**What needs to be done**. Retype the lines below exactly, but only those from the line that has "Линейка пластиковая 15" through the line that has "折り畳んだお札やカードも収納". Omit every picture.

**Records for the task**.

--------------------------------

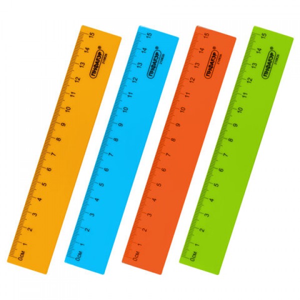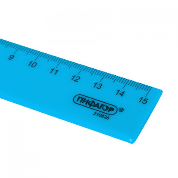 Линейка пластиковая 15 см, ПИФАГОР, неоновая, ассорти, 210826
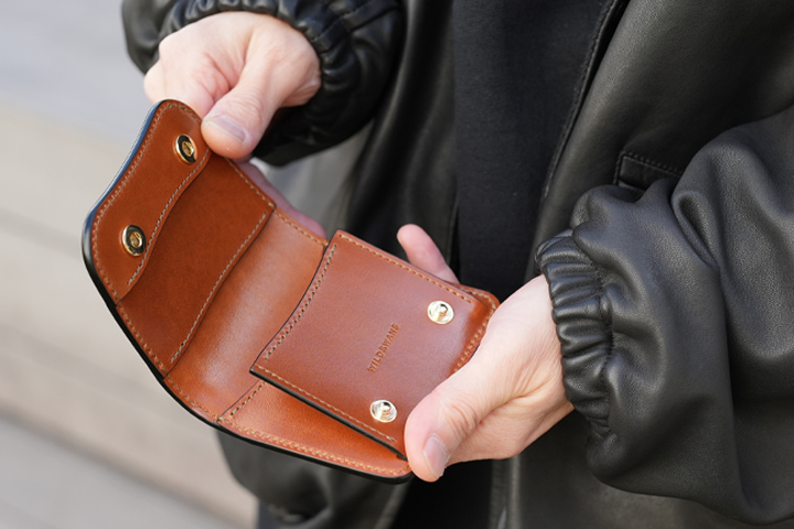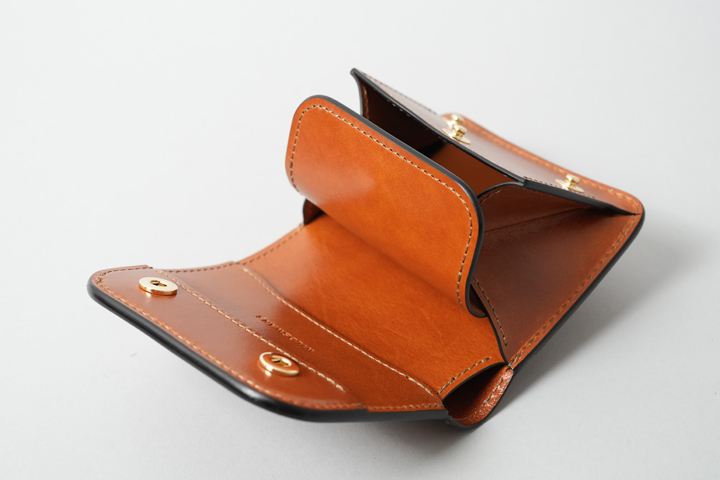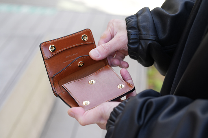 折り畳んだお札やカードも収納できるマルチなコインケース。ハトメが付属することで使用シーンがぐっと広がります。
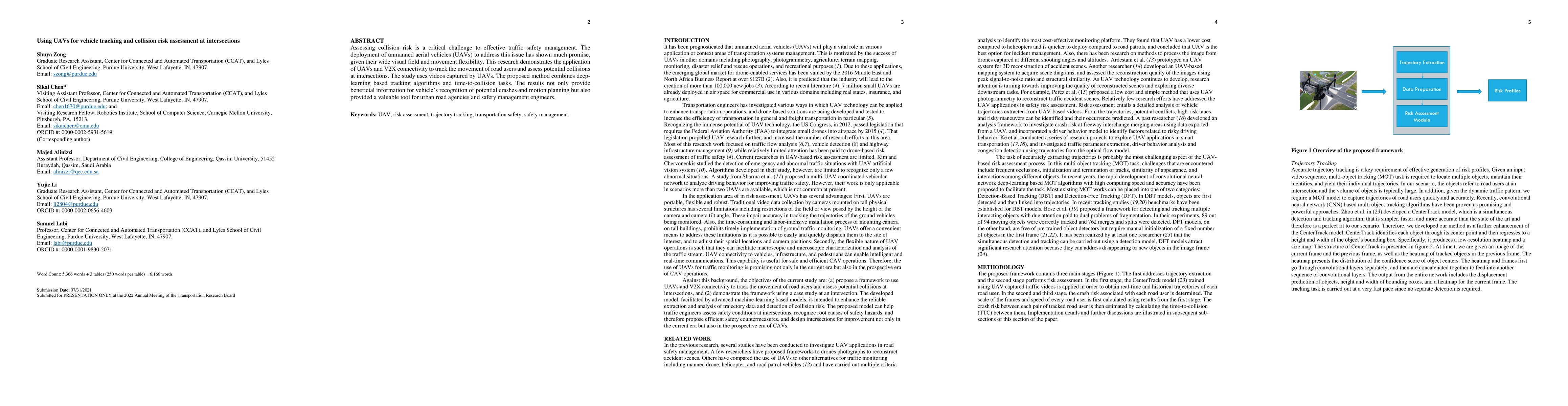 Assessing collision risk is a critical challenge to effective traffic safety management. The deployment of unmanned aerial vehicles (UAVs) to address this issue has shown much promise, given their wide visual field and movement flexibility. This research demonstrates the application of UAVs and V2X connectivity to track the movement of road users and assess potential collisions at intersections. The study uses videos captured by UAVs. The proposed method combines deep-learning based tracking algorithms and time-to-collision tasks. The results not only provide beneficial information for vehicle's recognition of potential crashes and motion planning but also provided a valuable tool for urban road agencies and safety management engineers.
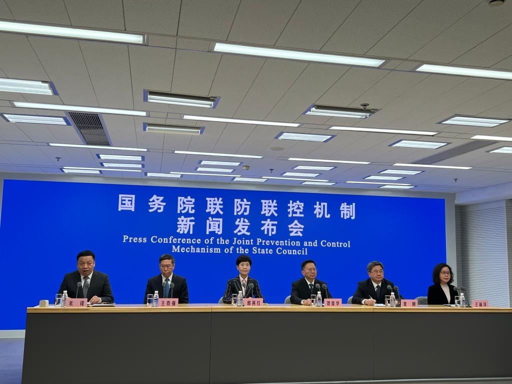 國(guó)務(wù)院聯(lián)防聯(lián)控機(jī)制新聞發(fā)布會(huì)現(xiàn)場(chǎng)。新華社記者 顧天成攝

--------------------------------

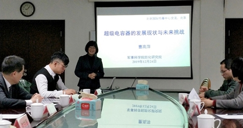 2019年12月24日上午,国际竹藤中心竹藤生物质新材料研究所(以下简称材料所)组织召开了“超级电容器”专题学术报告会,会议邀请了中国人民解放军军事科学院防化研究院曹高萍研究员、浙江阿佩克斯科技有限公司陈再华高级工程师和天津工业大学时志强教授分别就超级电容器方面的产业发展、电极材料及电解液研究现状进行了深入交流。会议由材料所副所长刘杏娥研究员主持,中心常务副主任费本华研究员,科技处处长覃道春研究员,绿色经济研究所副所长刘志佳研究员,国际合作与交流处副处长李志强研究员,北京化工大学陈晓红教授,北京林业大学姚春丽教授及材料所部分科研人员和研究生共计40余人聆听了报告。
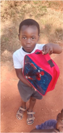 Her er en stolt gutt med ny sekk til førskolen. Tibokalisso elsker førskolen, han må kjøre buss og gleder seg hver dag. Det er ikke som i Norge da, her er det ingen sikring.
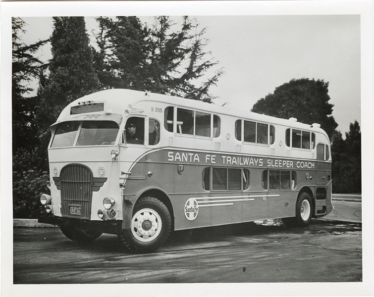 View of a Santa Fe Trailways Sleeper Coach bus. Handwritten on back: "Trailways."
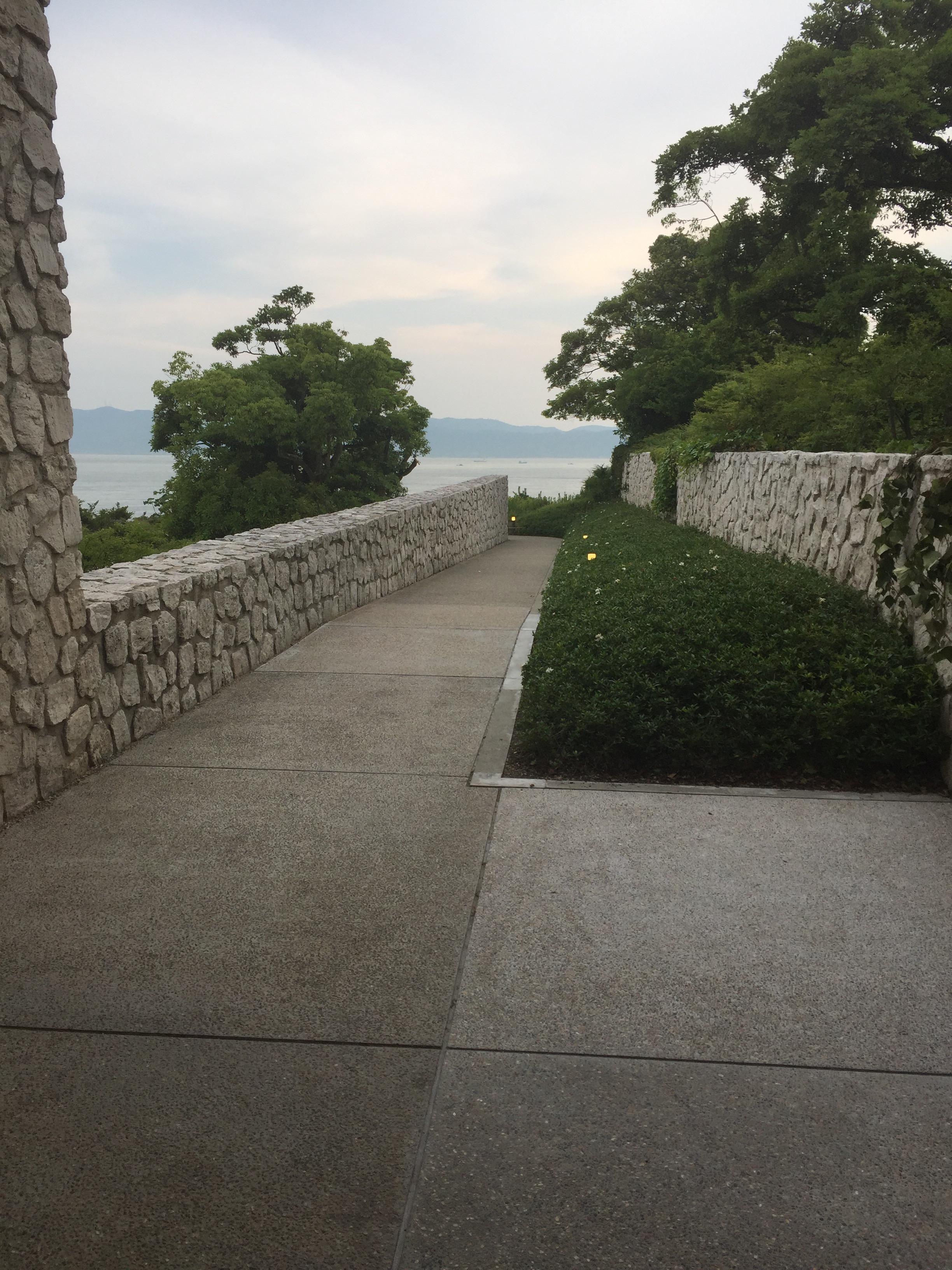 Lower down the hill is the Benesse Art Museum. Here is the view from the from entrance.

--------------------------------

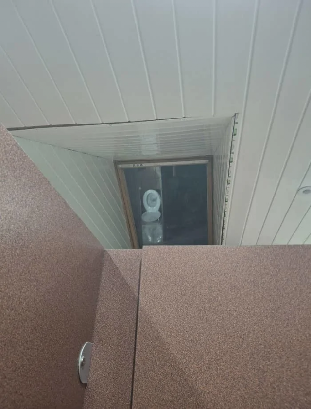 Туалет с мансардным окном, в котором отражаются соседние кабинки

--------------------------------

**Exercise output**.
 Линейка пластиковая 15 см, ПИФАГОР, неоновая, ассорти, 210826
 折り畳んだお札やカードも収納できるマルチなコインケース。ハトメが付属することで使用シーンがぐっと広がります。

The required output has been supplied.